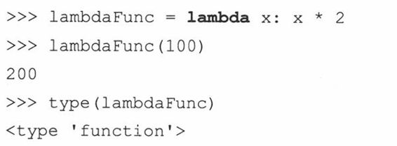 lambda表达式和用户自定义对函数相比,略有不同。虽然它们也是返回一个函数对象,但是lambda表达式不是用def语句创建的,而是用lambda关键字:
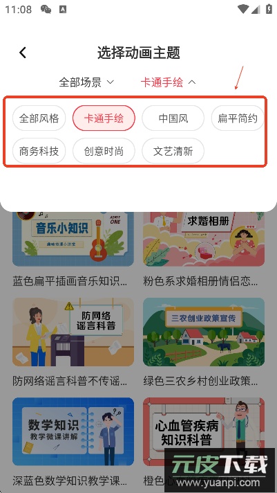 接着从提供的多种风格中选择一种,例如卡通手绘或中国风等。
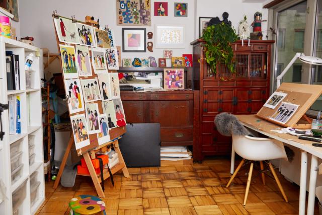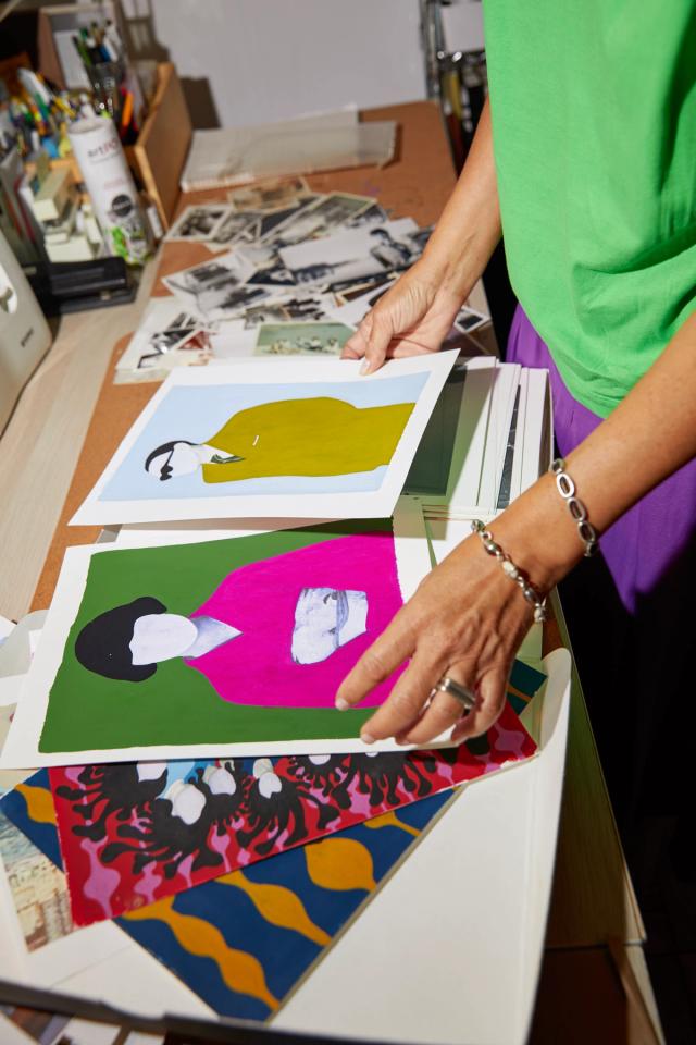 However, I never identified as an "artist" till I was in my 50s after my divorce. My father, who meant well, always told me a real artist could draw hands and feet, and I could not. So just being creative didn't mean I was an artist. I did not go to art school either. I even became a jewelry designer in my 40s, and it wasn't until I turned 50, when I started using a more traditional form of art, such as painting and collaging, that I began to say I was an artist. It was an outlet to process a very challenging time. Even now, if I do figurative paintings or drawings, the hands are in pockets or have no feet. I still suffer from some imposter syndrome because I came to it late.

## EXERCISE AIM
Everything in the preceding material must be transcribed exactly, except the images.

## COMPLETED EXERCISE
 lambda表达式和用户自定义对函数相比,略有不同。虽然它们也是返回一个函数对象,但是lambda表达式不是用def语句创建的,而是用lambda关键字:
 接着从提供的多种风格中选择一种,例如卡通手绘或中国风等。
 However, I never identified as an "artist" till I was in my 50s after my divorce. My father, who meant well, always told me a real artist could draw hands and feet, and I could not. So just being creative didn't mean I was an artist. I did not go to art school either. I even became a jewelry designer in my 40s, and it wasn't until I turned 50, when I started using a more traditional form of art, such as painting and collaging, that I began to say I was an artist. It was an outlet to process a very challenging time. Even now, if I do figurative paintings or drawings, the hands are in pockets or have no feet. I still suffer from some imposter syndrome because I came to it late.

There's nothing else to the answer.